Rich (Washington DC)
I don't know why you keep reducing this to religion. It's more complicated than that. Myanmar has many religious minorities. These folks are a remnant of the South Asian community that came when the Brits ran Burma as a subsidiary of India. The Indians were mostly expelled at independence. It's a much more basic tribal issue. The Burmese are a plurality, but not majority in Myanmar and many of the other minorities have been at war with the military government for decades.
Jon Davis (NM)
European colonialism: The gift that just keeps giving and giving and giving.
Jon Davis (NM)
The pattern is familiar.
Myanmar was an isolated dictatorship. The West wanted in.
The West pressured Myanmar to open us; we promoted Aung San Suu Kyi as the champion on freedom in Myanmar.
It worked; we forced Myanmar's dictators to liberalize.
The almost immediate consequence has been that the western-empowered democratic government is persecuting its minority and causing a major humanitarian crisis, but we refuse to help.
MsPea (Seattle)
It's hard for me to understand these religious entanglements. If it would save my life, I would convert to any religion in an instant. Practice how they expect me to, and keep my own religion in my heart. But, I am not a religious person, so I do not understand what drives people to become martyrs for their religion. But, to sacrifice a child? Unthinkable. How can any religion be worth that?
Spike5 (Ft Myers, FL)
Religious extremists don't accept converts as true members of their faiths. Conversion is not a protection. Hitler's slaughter didn't exclude those of Jewish heritage who had been practicing Christians for generations.
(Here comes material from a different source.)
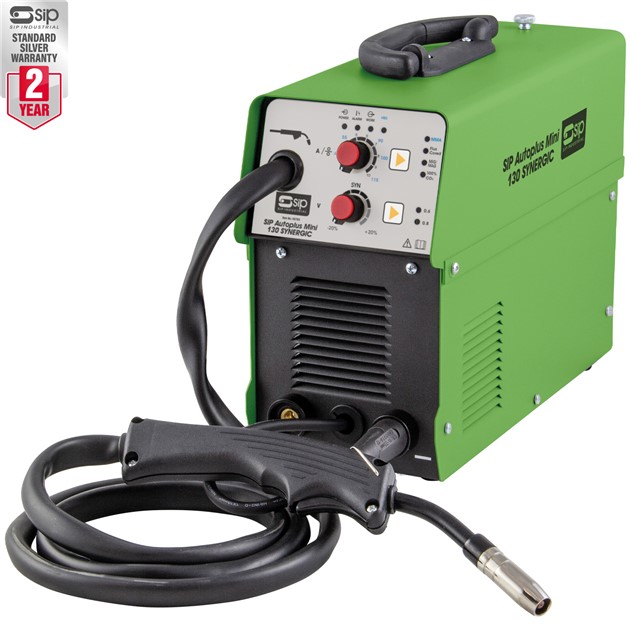 The SIP AUTOPLUS Mini 130 SYNERGIC Inverter Welder utilises powerful inverter and synergic controls to make good quality welding and high performance easier, allowing voltage and wire feed speed to be adjusted automatically through one control knob.

As to sacrificing a child, I wonder if you have ever read the story of Abraham and Isaac in the Bible. Of course, in this case, the woman wasn't sacrificing one child for religion; she was doing her best to keep her other younger and more helpless children alive.
Jon Davis (NM)
Yes, but God demanded that Abraham kill his son to demonstrate that God is more important than family.
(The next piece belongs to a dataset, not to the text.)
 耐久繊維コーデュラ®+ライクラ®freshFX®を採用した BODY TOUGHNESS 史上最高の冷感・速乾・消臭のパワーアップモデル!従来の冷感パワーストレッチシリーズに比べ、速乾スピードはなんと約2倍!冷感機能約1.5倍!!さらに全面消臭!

musicteacher (Seoul, Korea)
The injustice is so terrible it makes me feel physically sick. If I had the power . . . but I don't. One day they'll be free.
Judyw (cumberland, MD)
I hope we don't start taking in Rohinga refuges. We have enough given all the illegal aliens that sneak in here, we certainly don't need Rohinga. Let SE Asia take care of them. Stop insisting that the US must take more refugees - we are full up.
swm (providence)
Where are you getting the notion that someone is insisting that the U.S. starts taking in Rohinga? Is immigration really so scary to you that you are unable or unwilling to recognize the extent to which it is the backbone of this nation? I appreciate what Irish-Americans, Chinese-Americans, Mexican-Americans, Liberian-Americans, Italian-Americans, Korean-Americans, etc., have brought to this country. Take the blinders off.
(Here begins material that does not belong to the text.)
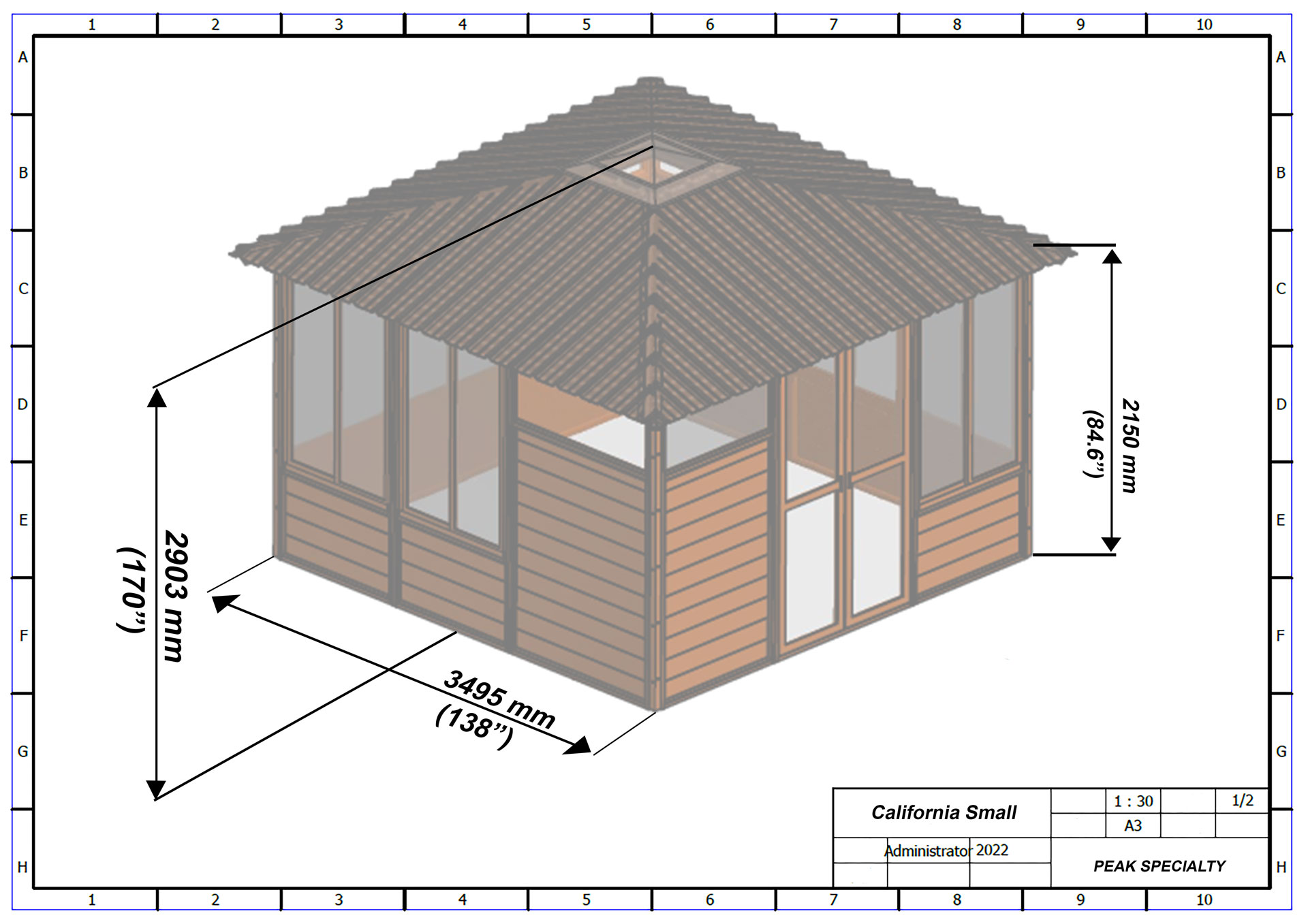 The interior wall to wall dimensions are 3375 mm x 4255 mm (133″ x 158″). The exterior wall to wall dimensions are 3495 mm x 4267 mm (138″ x 168″). The roof dimensions are 3902.5 mm x 4790.5 mm (154″ x 187″). Please note all imperial measurements are approximate.

LBZ (San Jose, Costa Rica)
It makes me sad that this is your takeaway from this tragic story. Those of us who were lucky enough to be born in the United States, the richest country in the world, should have more compassion and understanding for those who were not as lucky, through no fault of their own.
Jon Davis (NM)
You're right.
Even though WE caused the problem, W certainly should NOT help.
Death to the children!
Signed,
The U.S. Pro-Life Movement
Marie (Va)
The worse cruelty was the mother leaving her child behind.
Paula Z. (Menlo Park, CA)
No, the worst cruelty was the father abandoning the family.
Jon Davis (NM)
Wait.
So a parent strangling or drowning her/his child is not the worse thing? I'm glad our panel of ethicists has cleared that up.
I am reminded of the Ten Commandments.
There is no prohibition against rape or sexual assault (didn't make God's top 10).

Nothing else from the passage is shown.